Saved data entries
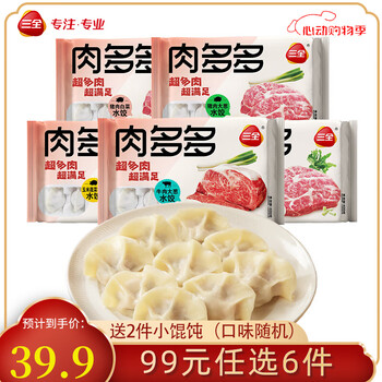 三全精选高端食材营养速冻饺子方便速食虾多多肉多多菜多多系列 肉多多猪肉香菜水饺400克
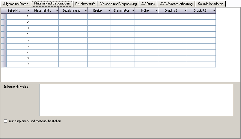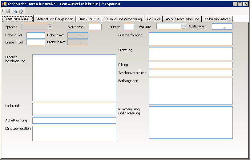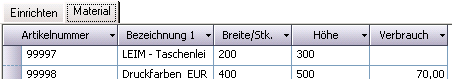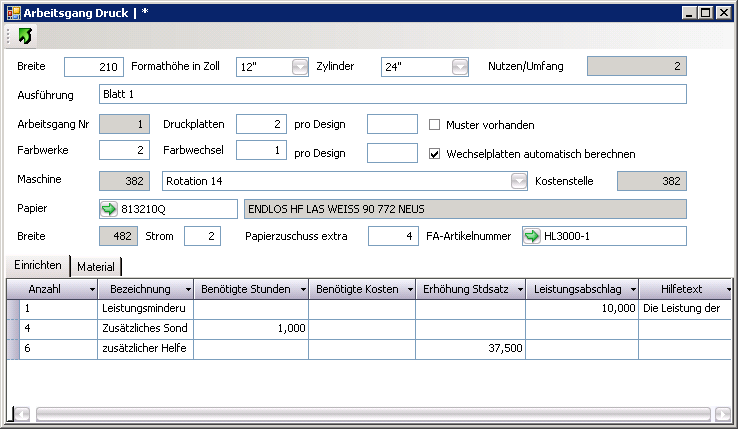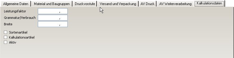 - Technische Artikeldaten: Pflege der Kalkulationswerte für Materialien (Grammatur, Verbrauch, Breite, Leistungsfaktor, etc…) im Fenster technische Daten Artikel.
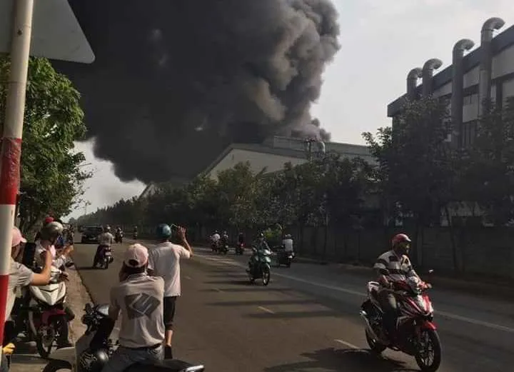 Vụ cháy lớn bào trùm công ty khiến hàng ngàn công nhân hoảng loạn bỏ chạy
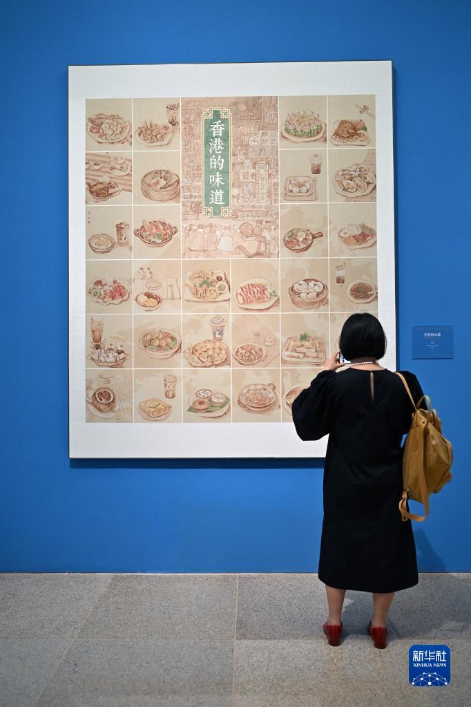 6月24日,參觀者拍攝參展作品《香港的味道》。(新華社記者 李鑫 攝)
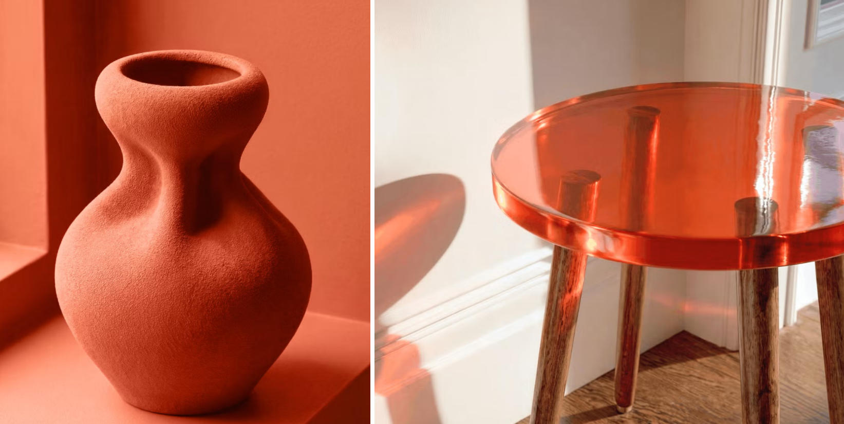 同一种橙色,放在陶土、绒布、原木、金属上,气质也完全不同。但关键原则不变,挑选材质时,优先选择天然材质:原木、藤编、棉麻,和大地橙的气质最搭。
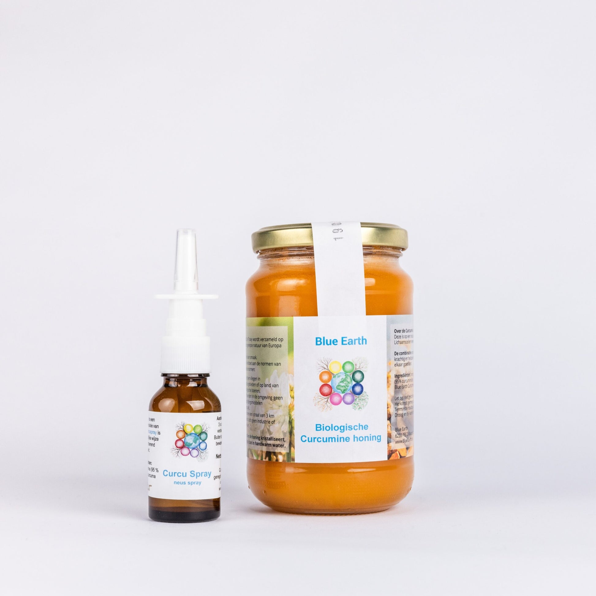 De koude maanden vragen om wat extra ondersteuning van binnen én van buiten. Dit combipakket van Blue Earth brengt twee krachtige vormen van curcumine samen: de zachte, biologische curcumine honing en de directe opname via de curcumine neusspray. Ideaal om je dagelijkse ritueel te verrijken met de kracht van dit gouden kruid!
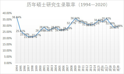 2009-2020年,考研难度不断波动,录取率基本在30%左右。

### PROMPT
Find the line with "- Technische Artikeldaten: Pflege" and the line with "同一种橙色,放在陶土、绒布、" in the records above. Copy both and all lines between them exactly, without pictures.

### SOLUTION TO THIS EXERCISE
 - Technische Artikeldaten: Pflege der Kalkulationswerte für Materialien (Grammatur, Verbrauch, Breite, Leistungsfaktor, etc…) im Fenster technische Daten Artikel.
 Vụ cháy lớn bào trùm công ty khiến hàng ngàn công nhân hoảng loạn bỏ chạy
 6月24日,參觀者拍攝參展作品《香港的味道》。(新華社記者 李鑫 攝)
 同一种橙色,放在陶土、绒布、原木、金属上,气质也完全不同。但关键原则不变,挑选材质时,优先选择天然材质:原木、藤编、棉麻,和大地橙的气质最搭。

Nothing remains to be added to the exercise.